'''
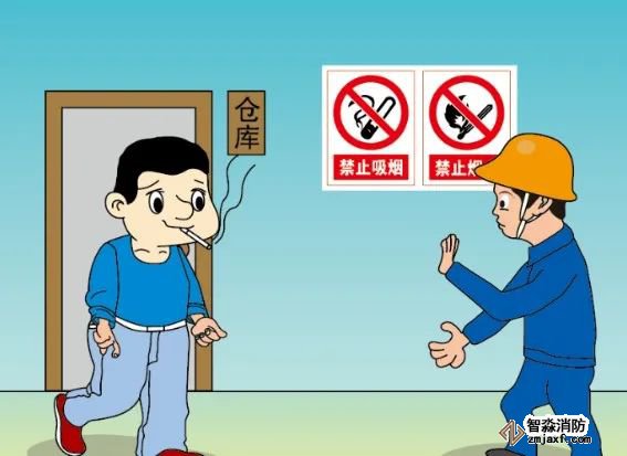 8. 生產(chǎn)車間、原料及成品庫(kù)房禁止攜帶火種進(jìn)入,禁止動(dòng)用明火、禁止吸煙,設(shè)置醒目的嚴(yán)禁煙火警示牌。
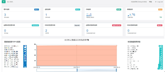 这里主要是一些数据概览,各种总量、截至到当前的本月数据量变化趋势。每个业务库本月的数据容量变化情况,还有前一天慢查询数量排名top12。仪表盘上提供快速跳转的链接,只需要点击相关的数字即可。比如点击DB总数,就会跳转到DB列表的页面。
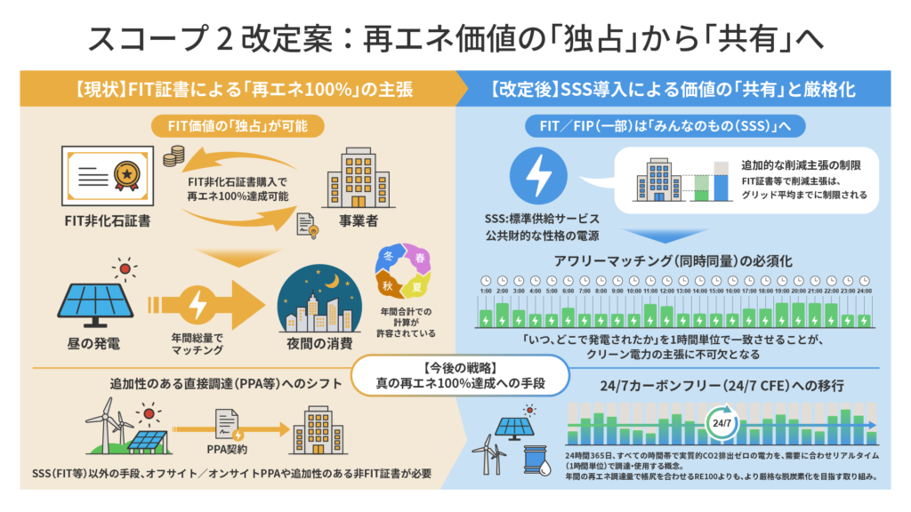 | 自家消費型太陽光 (オンサイト) | 自社発電分はScope2対象外 | 物理的一致が担保されるため優位性が高まる |
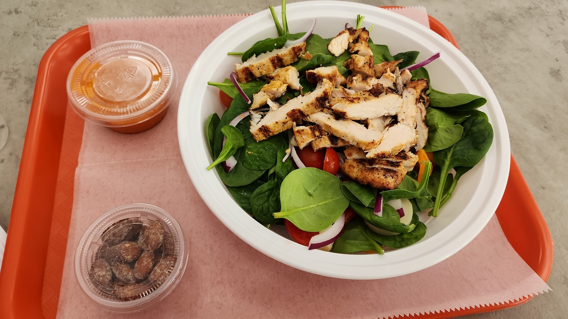I just enjoyed a delicious chicken salad for $16. The food felt incredibly fresh and light—none of that greasy feeling you sometimes get from fast-food places. There’s a certain homely feel to the food; it’s clear they put a lot of love and care into their dishes while keeping things simple.
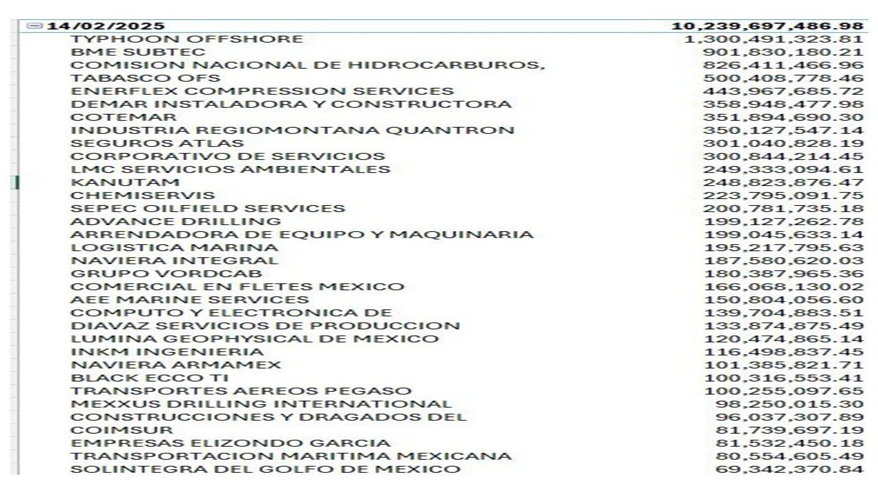 Petróleos Mexicanos (PEMEX) realizó un abono por un total de 10 mil 239 millones 697 mil 486.98 pesos a más de 30 empresas, lo cual fue dado a conocer a través de una lista filtrada a medios de comunicación. Sin embargo, esto no se ha reflejado a las empresas subcontratadas, a las que las grandes compañías no están cumpliendo con los pagos, lo que afecta la liquidez de las firmas locales.
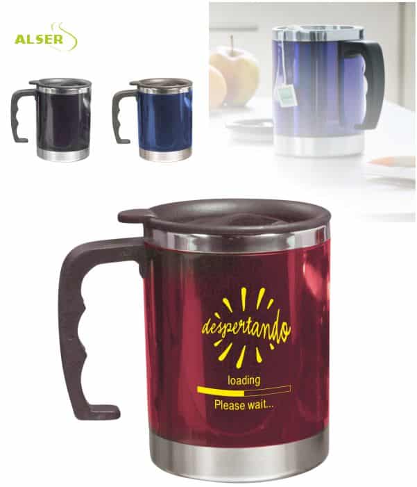 La taza de doble pared perfecta para que tus clientes y trabajadores lleven a todos lados, excursiones, trabajo o cogiendo el coche, tendrán su bebida siempre a mano y sin perder temperatura.
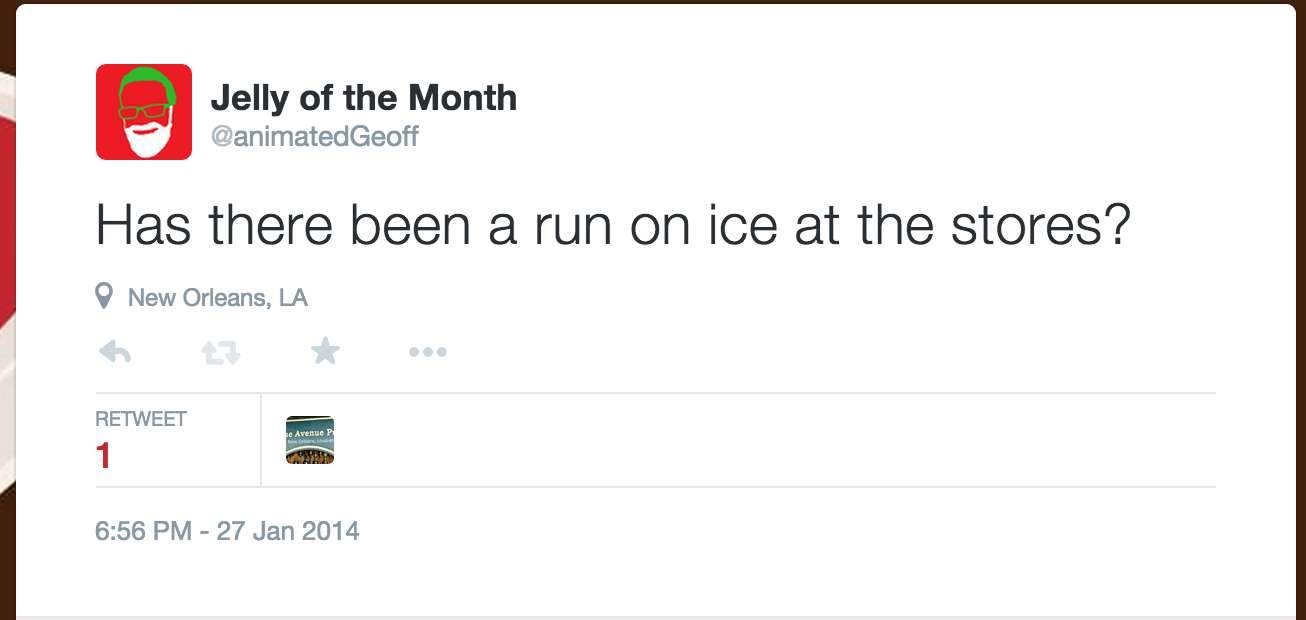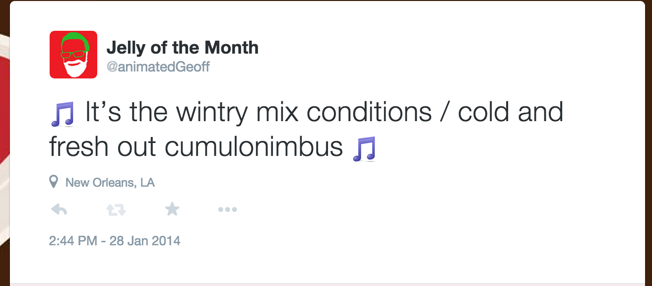Wow! This tweet so accurately describes the weather in New Orleans on January 28th! It even tacks on a little joke using a parody of R. Kelly lyrics! This guy's on the ball!
'''
**PROBLEM TO WORK ON**: Could you repeat, exactly and with nothing else, the lines from the first line of the records through the line containing "I just enjoyed"? Leave out the pictures.

**TASK ANSWER**:
 8. 生產(chǎn)車間、原料及成品庫(kù)房禁止攜帶火種進(jìn)入,禁止動(dòng)用明火、禁止吸煙,設(shè)置醒目的嚴(yán)禁煙火警示牌。
 这里主要是一些数据概览,各种总量、截至到当前的本月数据量变化趋势。每个业务库本月的数据容量变化情况,还有前一天慢查询数量排名top12。仪表盘上提供快速跳转的链接,只需要点击相关的数字即可。比如点击DB总数,就会跳转到DB列表的页面。
 | 自家消費型太陽光 (オンサイト) | 自社発電分はScope2対象外 | 物理的一致が担保されるため優位性が高まる |
I just enjoyed a delicious chicken salad for $16. The food felt incredibly fresh and light—none of that greasy feeling you sometimes get from fast-food places. There’s a certain homely feel to the food; it’s clear they put a lot of love and care into their dishes while keeping things simple.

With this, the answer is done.